What the task asks: Copy the listing in full and exactly, omitting its images.

Given entries:
= Beginning of Section =

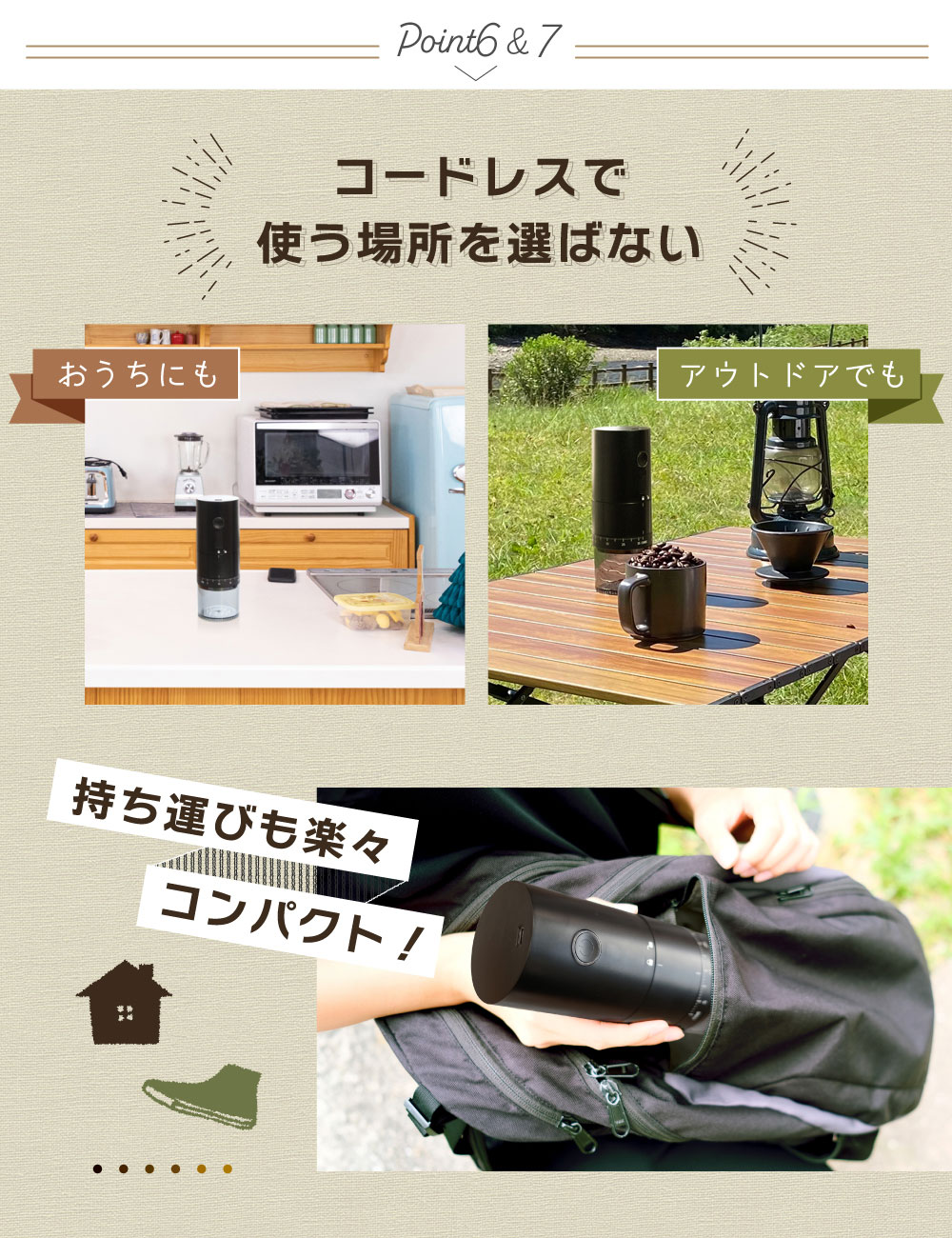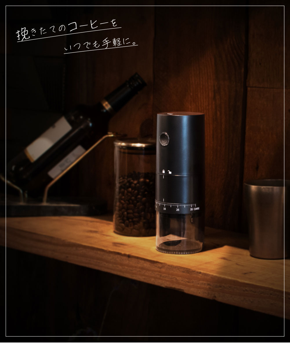 豊富な39段階の挽き方で手軽&簡単にコーヒー豆が挽けるコードレスでコンパクトな電動コーヒーミル。
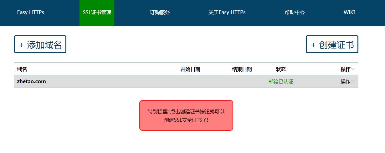 1、用户只需要填写域名,即可一键式生成Let 's Encrypt 证书,时间只需三到五分钟即可生成并完成下载。
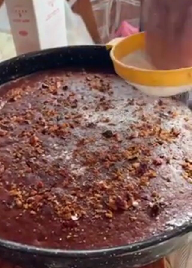 An overhead shot shows a person's hands sifting white powdered sugar over a circular cake in a black baking pan with a yellow sifter. The cake is a dark brown color, covered with chopped nuts. The person's hands are wrinkly and close to the sifter. A carton of powdered sugar is visible next to the pan. The cake is on a wooden countertop.
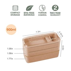 -?Lancheira reutilizável de fibra de trigo?Plástico PP de qualidade alimentar e fibra de trigo sem BPA são super saudáveis e feitos para durar. Ele cria um ambiente de alimentação seguro e saudável para você e sua família. O espaço é grande o suficiente para acomodar a comida, permitindo que você almoce por uma semana. Além disso, você pode limpar profundamente os recipientes da caixa na máquina de lavar louça.
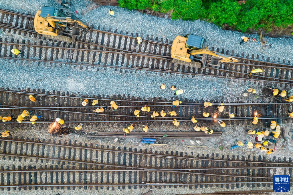 8月5日,在株洲北站編組場,鐵路工人們正在換岔施工(無人機照片)。
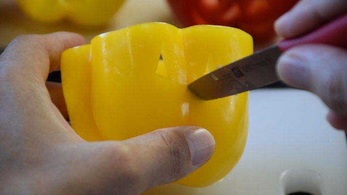 (2)パプリカのヘタを切り落とし(捨てずに取っておく)、ペティナイフでジャック・オー・ランタンの目、鼻、口の形に切り取る。たまねぎをあらみじん切りにする。
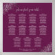 Dieses 11 Tisch Sitzdiagramm ist einfach und elegant mit hellgrauem Text auf magenta oder cassis lila Hintergrund. Das Design ist mit einem kalligraphischen Titel mit zartem Schriftzeichen versehen, der in den Ecken mit dekorativen, fein silbernen Imitaten-Filigree versehen ist. Stilvoll, elegant und raffiniert, um Ihren Gästen zu helfen, ihren Platz an Ihrem Hochzeitsempfang zu finden. Es beinhaltet Tischbelegung für 110 Gäste mit 10 Plätzen pro Tisch.
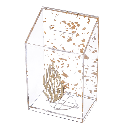 קופת צדקה פרספקט שקוף דגם נצנץ האש שלי צבע זהב
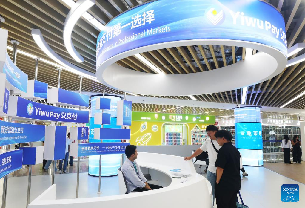 Merchants learn about the "Yiwu Pay" platform at the Global Digital Trade Center in Yiwu, east China's Zhejiang Province, Oct. 14, 2025. The Global Digital Trade Center, a landmark project in the construction of the sixth generation market in Yiwu, opened here on Tuesday, marking that Yiwu has started a new process of leaping from traditional trade mode to digital trade mode.
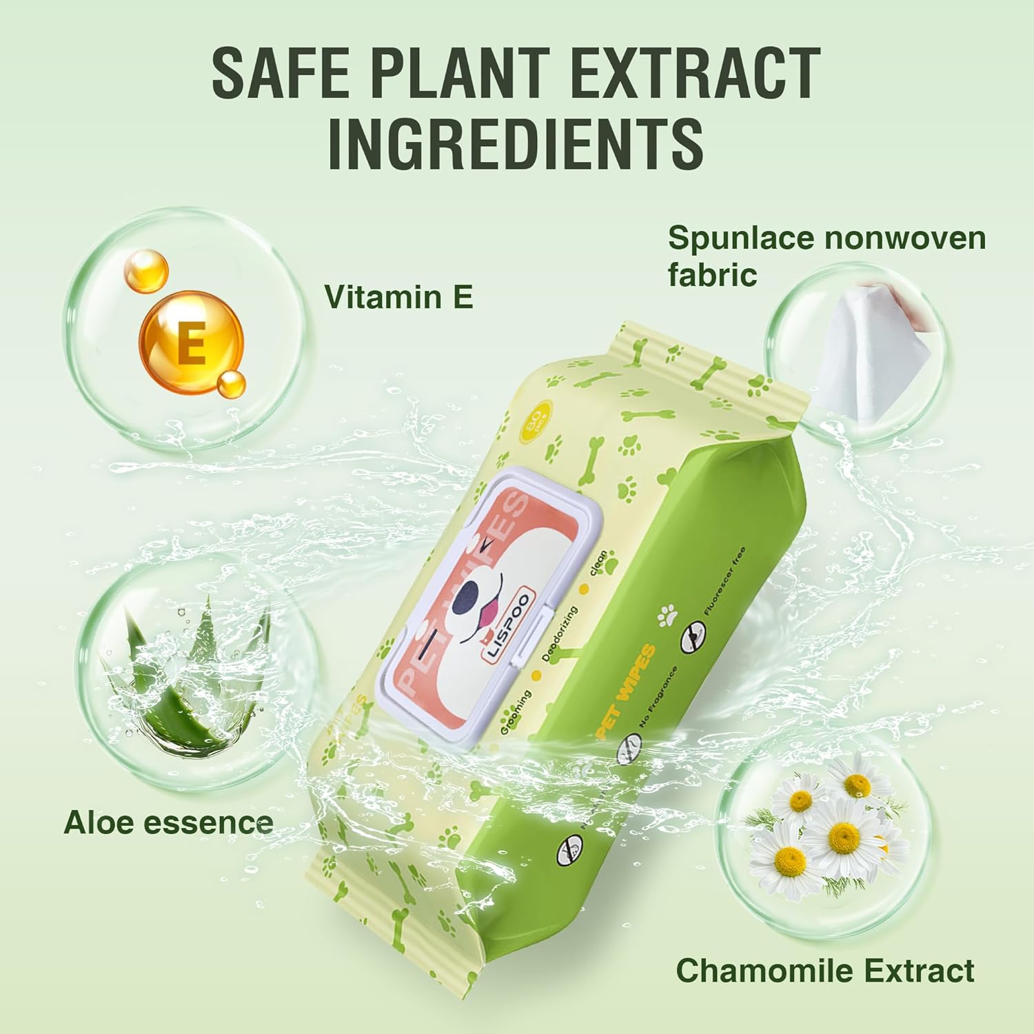 • Widely applicable, universal for all dogs and cats: LISPOO pet wipes are crafted with a mild, plant-based formula to safely remove dirt, odors, and stains from your pets paws and butt. Hypoallergenic and non-irritating dog wipes and cat wipes are suitable for daily dog and cat grooming care or cleaning after going out. Natural ingredients protect the delicate skin of pets.
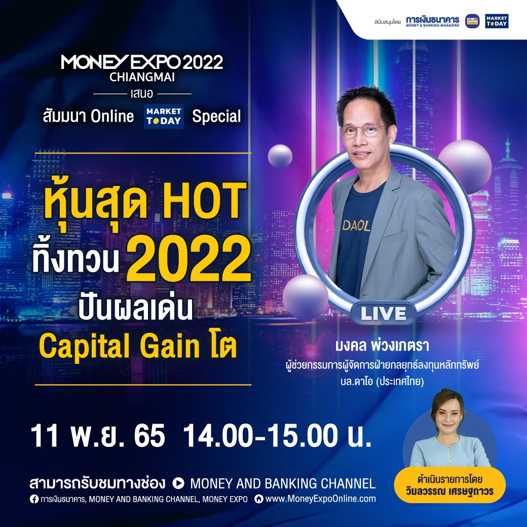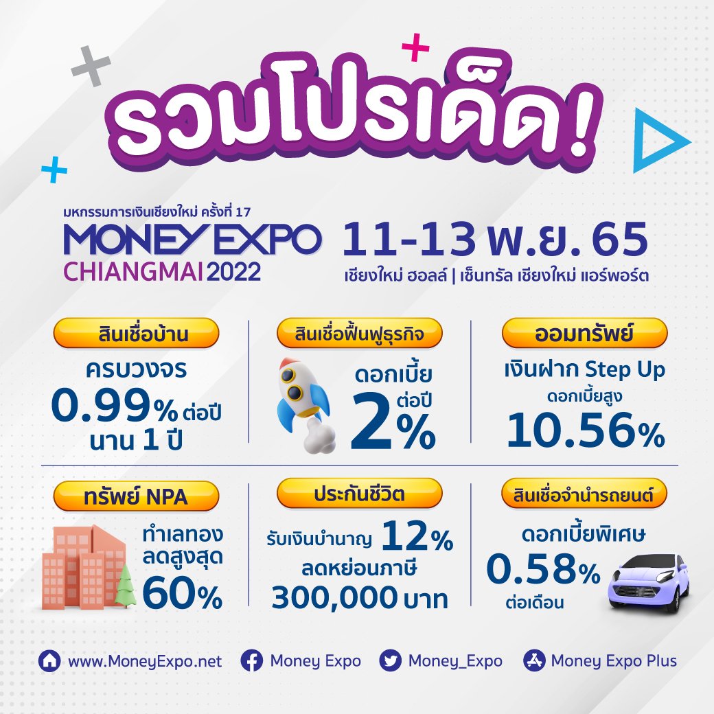 มหกรรมการเงินเชียงใหม่ ครั้งที่ 17 Money Expo Chiangmai 2022 ยกขบวนโปรโมชั่นแรงส่งท้ายปี สู่ชาวเชียงใหม่และชาวภาคเหนือ เงินฝาก Step Up 10.56% สินเชื่อบ้านดอกเบี้ยพิเศษ 0.99% นาน 1 ปี สินเชื่อฟื้นฟูธุรกิจดอกเบี้ย 2% ผ่อนนาน 10 ปี ทรัพย์ NPA บ้านมือสอง ลดสูงสุด 60% ซื้อประกันรับเงินบำนาญ 12% สัมมนาออนไลน์ หัวข้อ “หุ้นสุด HOT” ทิ้งทวน 2022 ปันผลเด่น-Capital Gain โต” วันที่ 11-13 พฤศจิกายน 2565 ณ เชียงใหม่ ฮอลล์ ศูนย์การค้าเซ็นทรัล เชียงใหม่ แอร์พอร์ต จังหวัดเชียงใหม่

= End of Section =

Exercise output:
 豊富な39段階の挽き方で手軽&簡単にコーヒー豆が挽けるコードレスでコンパクトな電動コーヒーミル。
 1、用户只需要填写域名,即可一键式生成Let 's Encrypt 证书,时间只需三到五分钟即可生成并完成下载。
 An overhead shot shows a person's hands sifting white powdered sugar over a circular cake in a black baking pan with a yellow sifter. The cake is a dark brown color, covered with chopped nuts. The person's hands are wrinkly and close to the sifter. A carton of powdered sugar is visible next to the pan. The cake is on a wooden countertop.
 -?Lancheira reutilizável de fibra de trigo?Plástico PP de qualidade alimentar e fibra de trigo sem BPA são super saudáveis e feitos para durar. Ele cria um ambiente de alimentação seguro e saudável para você e sua família. O espaço é grande o suficiente para acomodar a comida, permitindo que você almoce por uma semana. Além disso, você pode limpar profundamente os recipientes da caixa na máquina de lavar louça.
 8月5日,在株洲北站編組場,鐵路工人們正在換岔施工(無人機照片)。
 (2)パプリカのヘタを切り落とし(捨てずに取っておく)、ペティナイフでジャック・オー・ランタンの目、鼻、口の形に切り取る。たまねぎをあらみじん切りにする。
 Dieses 11 Tisch Sitzdiagramm ist einfach und elegant mit hellgrauem Text auf magenta oder cassis lila Hintergrund. Das Design ist mit einem kalligraphischen Titel mit zartem Schriftzeichen versehen, der in den Ecken mit dekorativen, fein silbernen Imitaten-Filigree versehen ist. Stilvoll, elegant und raffiniert, um Ihren Gästen zu helfen, ihren Platz an Ihrem Hochzeitsempfang zu finden. Es beinhaltet Tischbelegung für 110 Gäste mit 10 Plätzen pro Tisch.
 קופת צדקה פרספקט שקוף דגם נצנץ האש שלי צבע זהב
 Merchants learn about the "Yiwu Pay" platform at the Global Digital Trade Center in Yiwu, east China's Zhejiang Province, Oct. 14, 2025. The Global Digital Trade Center, a landmark project in the construction of the sixth generation market in Yiwu, opened here on Tuesday, marking that Yiwu has started a new process of leaping from traditional trade mode to digital trade mode.
 • Widely applicable, universal for all dogs and cats: LISPOO pet wipes are crafted with a mild, plant-based formula to safely remove dirt, odors, and stains from your pets paws and butt. Hypoallergenic and non-irritating dog wipes and cat wipes are suitable for daily dog and cat grooming care or cleaning after going out. Natural ingredients protect the delicate skin of pets.
 มหกรรมการเงินเชียงใหม่ ครั้งที่ 17 Money Expo Chiangmai 2022 ยกขบวนโปรโมชั่นแรงส่งท้ายปี สู่ชาวเชียงใหม่และชาวภาคเหนือ เงินฝาก Step Up 10.56% สินเชื่อบ้านดอกเบี้ยพิเศษ 0.99% นาน 1 ปี สินเชื่อฟื้นฟูธุรกิจดอกเบี้ย 2% ผ่อนนาน 10 ปี ทรัพย์ NPA บ้านมือสอง ลดสูงสุด 60% ซื้อประกันรับเงินบำนาญ 12% สัมมนาออนไลน์ หัวข้อ “หุ้นสุด HOT” ทิ้งทวน 2022 ปันผลเด่น-Capital Gain โต” วันที่ 11-13 พฤศจิกายน 2565 ณ เชียงใหม่ ฮอลล์ ศูนย์การค้าเซ็นทรัล เชียงใหม่ แอร์พอร์ต จังหวัดเชียงใหม่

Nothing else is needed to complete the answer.